Why does this not use the LeetCode algo for LCA?

- The LeetCode algo traverses from root to leaf, this is from leaves to lca.
    - Is this less efficient, but that doesn't matter because n is small?
        - Yes

Why would the user create a weak int instead of defining their dtype up front?

- It is what python int defaults to.
    - Why? Why not default python int to something.
        - Annoying upcasting. `Tensor([1.0],[2.0]).half + 3` could cast the Tensor's float 16 to float 32 if you defaulted 3 to a int32 instead of a weakint.

Are there any ML frameworks where all dtypes must be defined or they will error?

- There are flags in torch and jax, but otherwise no, would be too annoying.
- [x] I need to understand [this](https://github.com/tinygrad/tinygrad/pull/15356) pr
  Refactoring shared logic (`bitwise_not()` and `elementwise.py`) that touched Tinygrad's inverse/min/max functions. These functions are interesting because they are dtype dependent and also require an interesting property.

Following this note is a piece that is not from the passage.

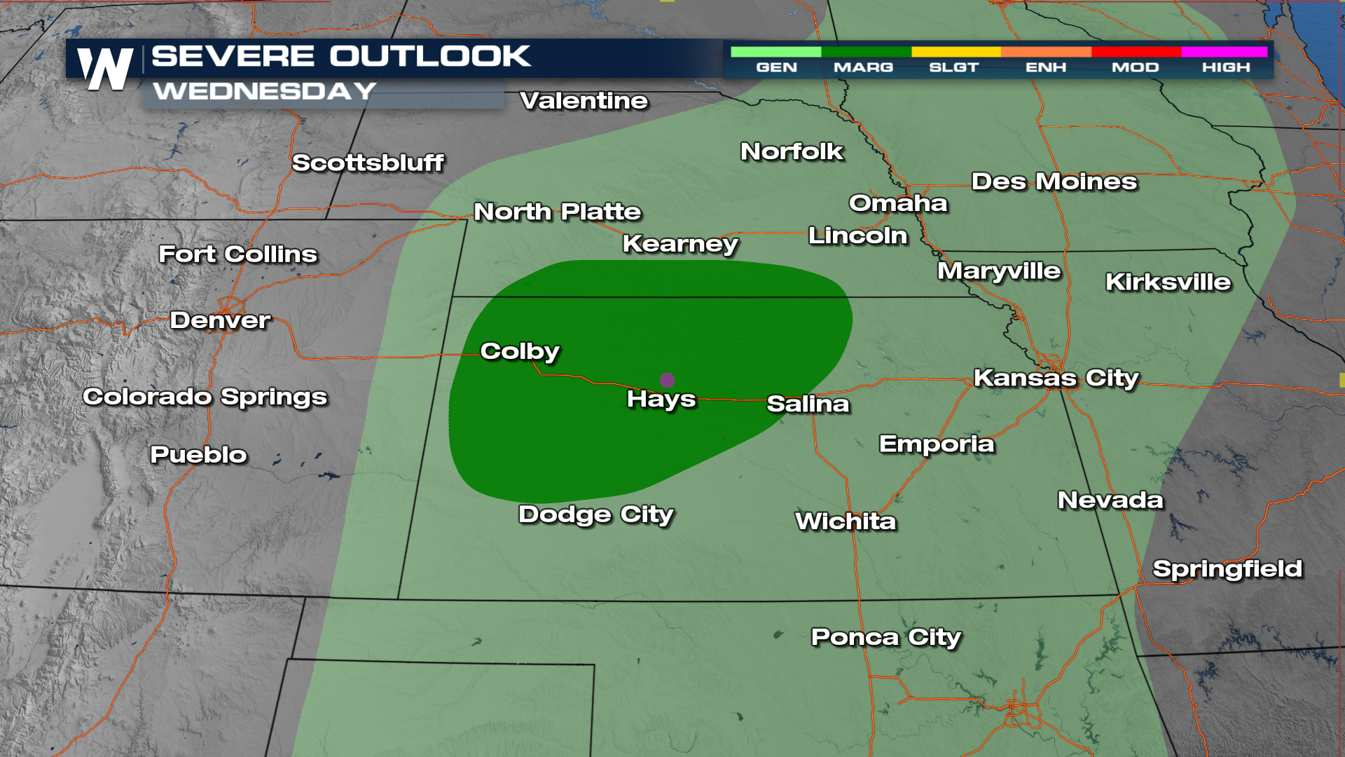 SEVEREThat front will be the focus of what could be a few severe chances. Right now, Wednesday looks like the best bet, with slightly better thunderstorm coverage. Storms look to fire around the front and move into slightly colder temperatures north of it. The biggest concern right now will be large hail. The Storm Prediction Center is circling portions of Kansas and Nebraska with the highest threat.
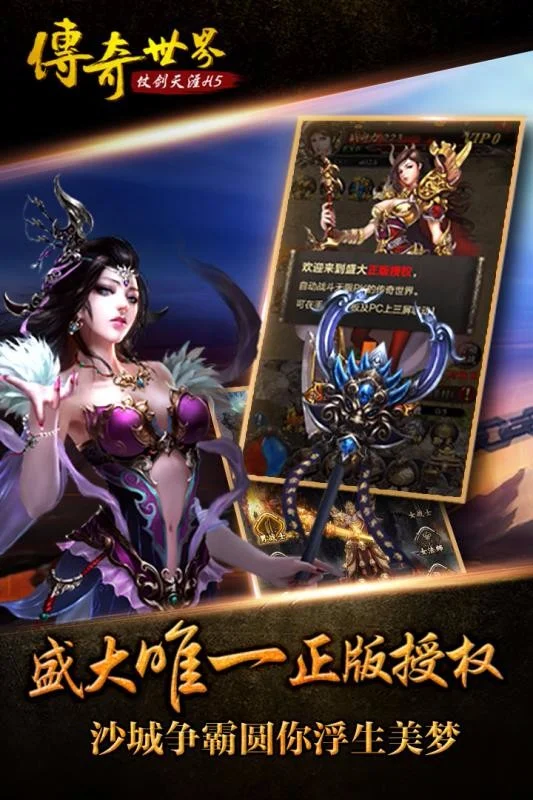 《传奇世界之仗剑天涯H5》是由盛大唯一正版授权,蝴蝶互动倾力打造并发行的首款大型动作类ARPG游戏。经典传奇世界设定,原汁原味复刻传奇世界核心玩法,重磅版本“全民攻沙”震撼来袭~热血攻沙、决战皇城、红名杀敌、夺宝PK、元婴淬炼、红名 爆装,劲爽PK,特色BOSS关卡,跨服行会争霸,勇夺"沙城”霸主!!在这里,玩家将再次开启经典传奇之旅,重温兄弟情谊、怀旧激情年代、成就传奇人生。

1. There is no MIN op in Tinygrad. MIN is just `inverse(MAX(inverse(X),inverse(Y)))`. Inverse must therefore be an [involution](https://en.wikipedia.org/wiki/Involution_(mathematics)).
2. bool, float, and int are stored differently in memory. Therefore inversion must be handled differently. (e.g. a bitwise not might be useful in inverting an int, but will scramble a float).
- [x] I need to understand [this](https://github.com/tinygrad/tinygrad/pull/15367) pr
  In order to prevent a runtime error from being raised when the user called `.gradient(some_tensor)` after writing `another_tensor.copysign(some_tensor)` there was a hack in `copysign()` that added `other.sign()*0` to link `other` to the rest of the graph so that `.backwards` could reach `other` from the root.

Mathematically, if a tensor was not connected to the root via the backwards pass, then even if its gradient wasn't materialized, its derivative with respect to the root (the loss), is 0. So the `materialize_grads` parameter was removed and gradient just returns 0 if something doesn't exist.